* EXERCISE AIM:
Output the first line of the listing and each line after it, up to and including the line that contains "电梯里我把运动鞋让给了Shyla,小皮鞋还让我穿进去啦~", exactly as written, minus the pictures.

▼

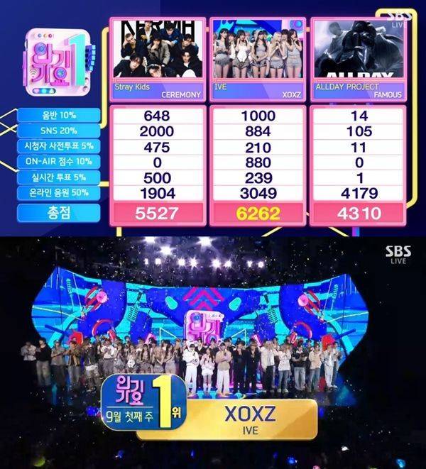 아이브의 'XOXOZ'는 총점 6262점으로 1위를 차지했다. 아이브는 1위에 호명되자 환호하며 기쁨을 나눴다.
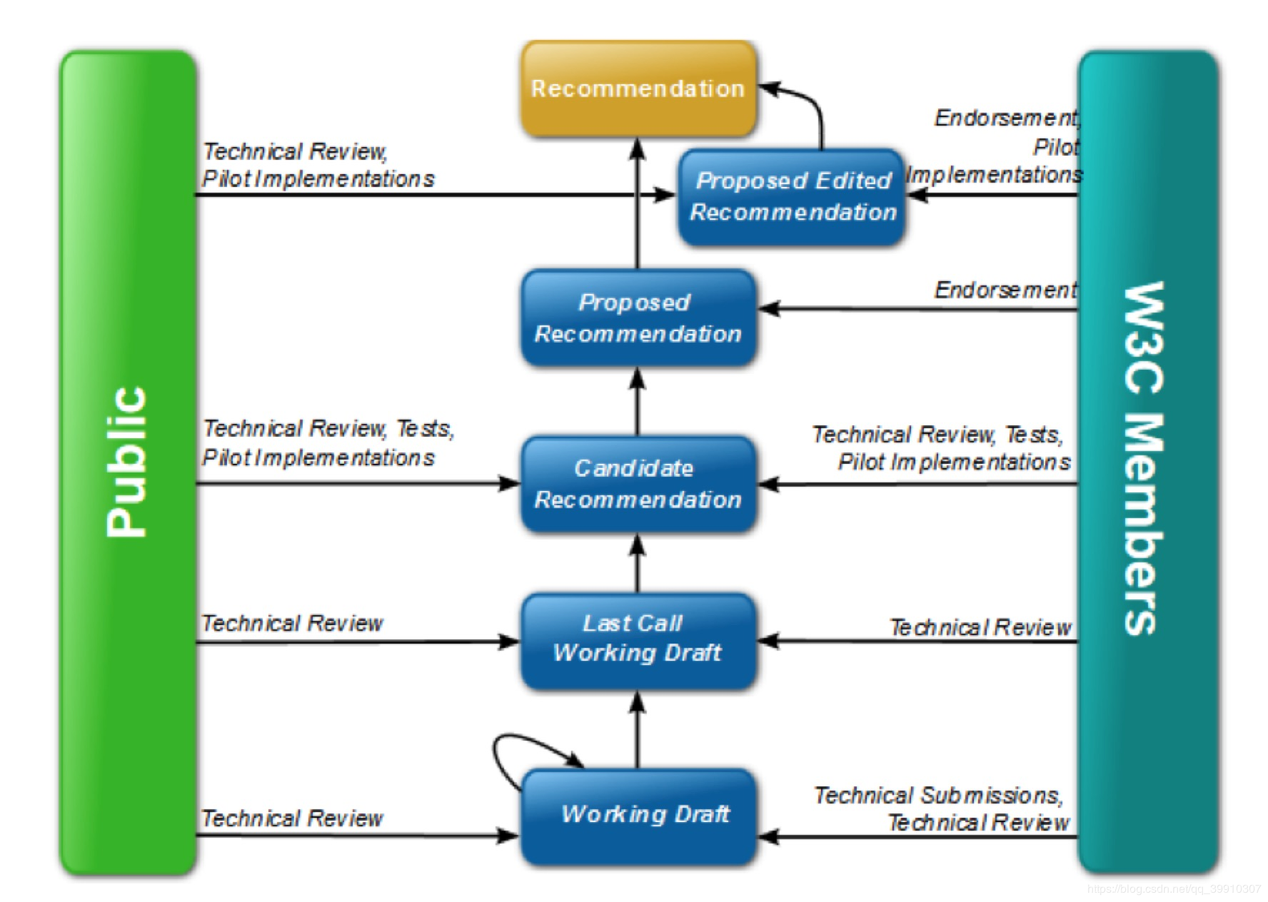 当最终工作草案阶段结束,且问题都得到解决后,将进入候选推荐标准(Candidate Recommendation)阶段。
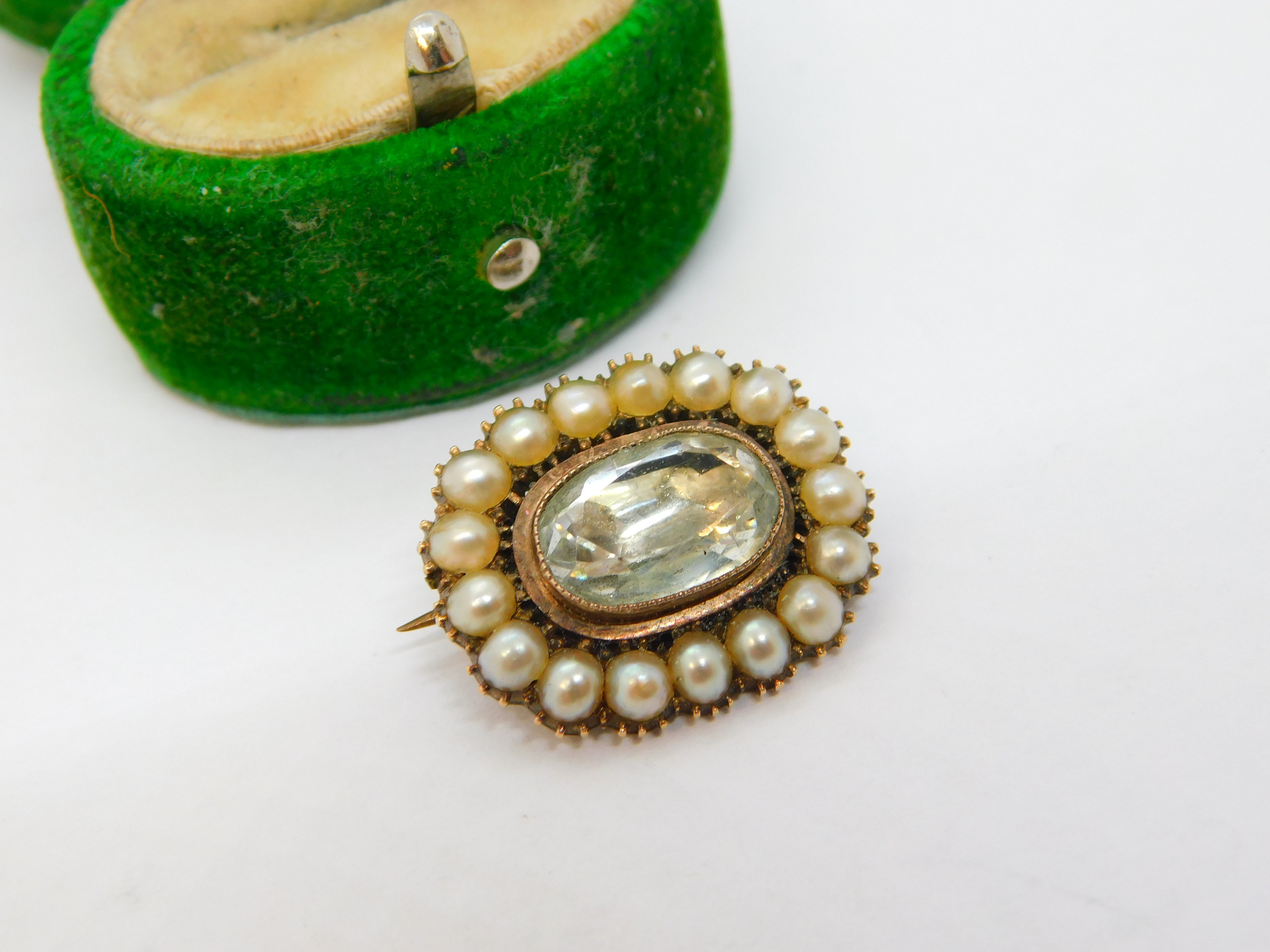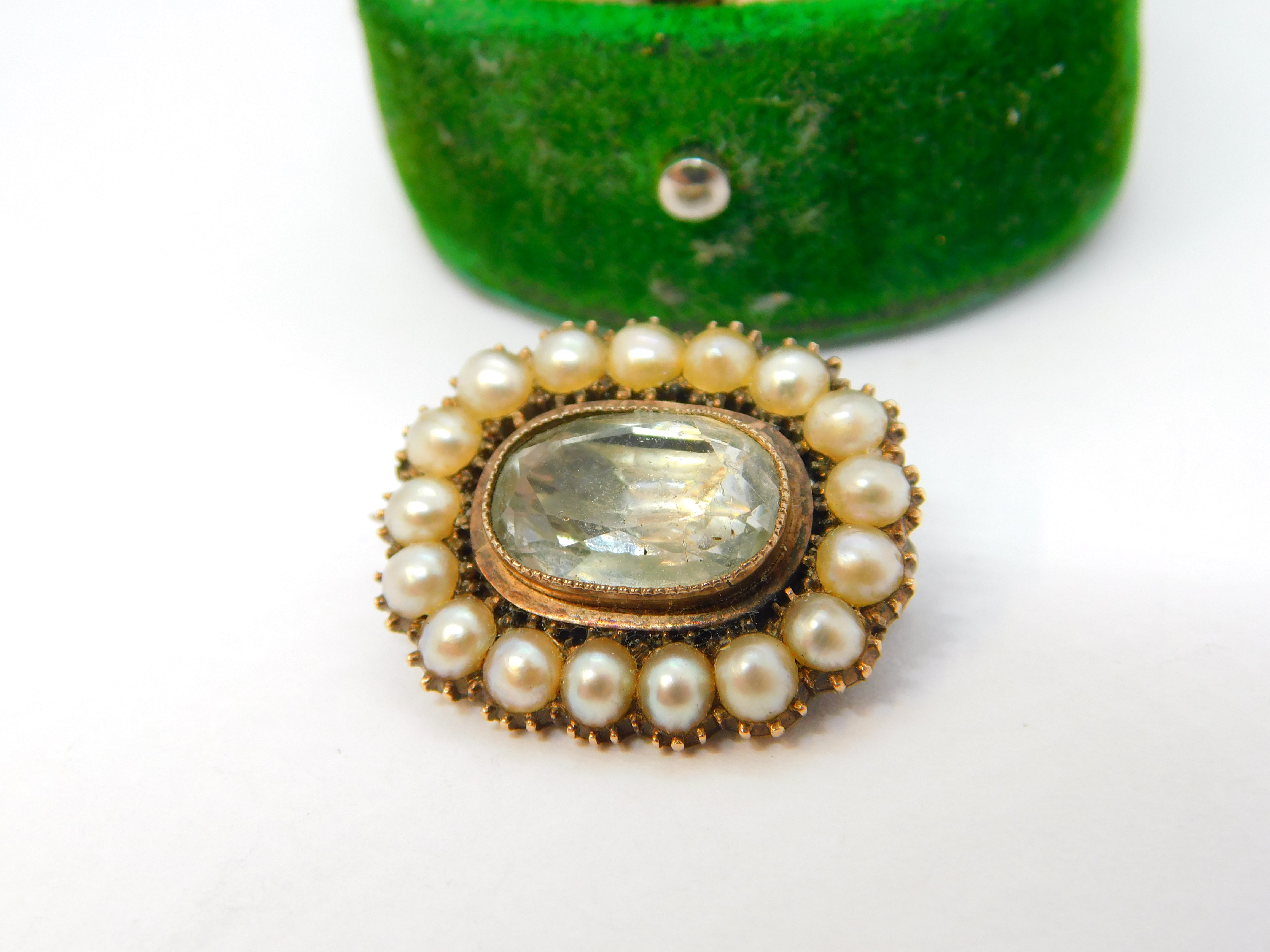 William IV 18ct Yellow Gold, Rock Crystal & Pearl Mourning Brooch Antique 1835
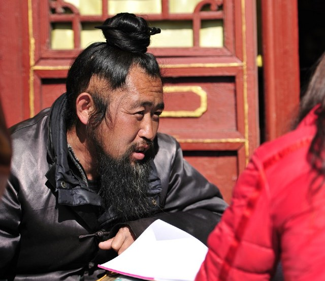 在祈福堂前,两名道士装扮的男子,更是吸引人目光,他们在门前摆一桌子,桌上放着纸和笔,桌前几把凳子,他们对落座的客人便开始发问,原来。他们是算命先生。
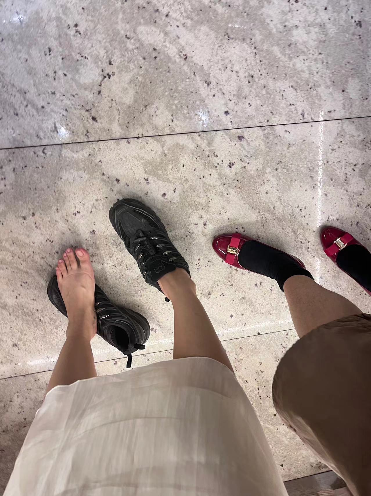 电梯里我把运动鞋让给了Shyla,小皮鞋还让我穿进去啦~
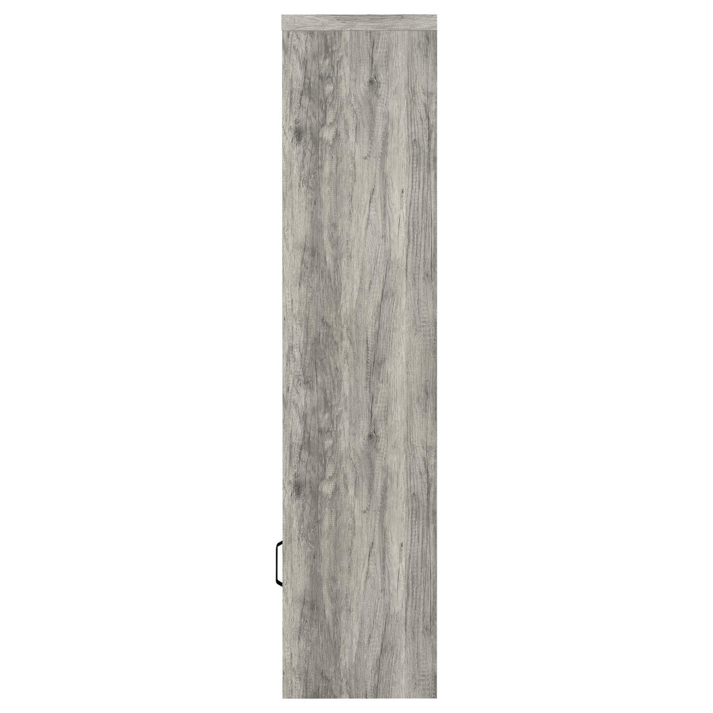 Tall and slender, this modern media tower is the perfect complement for your entertaining needs in both compact and larger spaces. Organize media, books, and implements on shelves and interior shelves, staying organized and uncluttered. Melamine construction features a distressed weathered gray finish with grain-like markings, offering rustic vibes. Find space on three fixed shelves and one adjustable shelf, all ready to separate and store gaming supplies, media, or books. A single black finished metal hardware pull offers an ideal match. Key Features: • Modern media tower suitable for various space sizes • Organize effortlessly with shelves and interior compartments • Distressed weathered gray finish for rustic charm • Three fixed and one adjustable shelf for versatile storage • Single black-finished metal hardware for a cohesive look

▲

* SOLUTION:
 아이브의 'XOXOZ'는 총점 6262점으로 1위를 차지했다. 아이브는 1위에 호명되자 환호하며 기쁨을 나눴다.
 当最终工作草案阶段结束,且问题都得到解决后,将进入候选推荐标准(Candidate Recommendation)阶段。
 William IV 18ct Yellow Gold, Rock Crystal & Pearl Mourning Brooch Antique 1835
 在祈福堂前,两名道士装扮的男子,更是吸引人目光,他们在门前摆一桌子,桌上放着纸和笔,桌前几把凳子,他们对落座的客人便开始发问,原来。他们是算命先生。
 电梯里我把运动鞋让给了Shyla,小皮鞋还让我穿进去啦~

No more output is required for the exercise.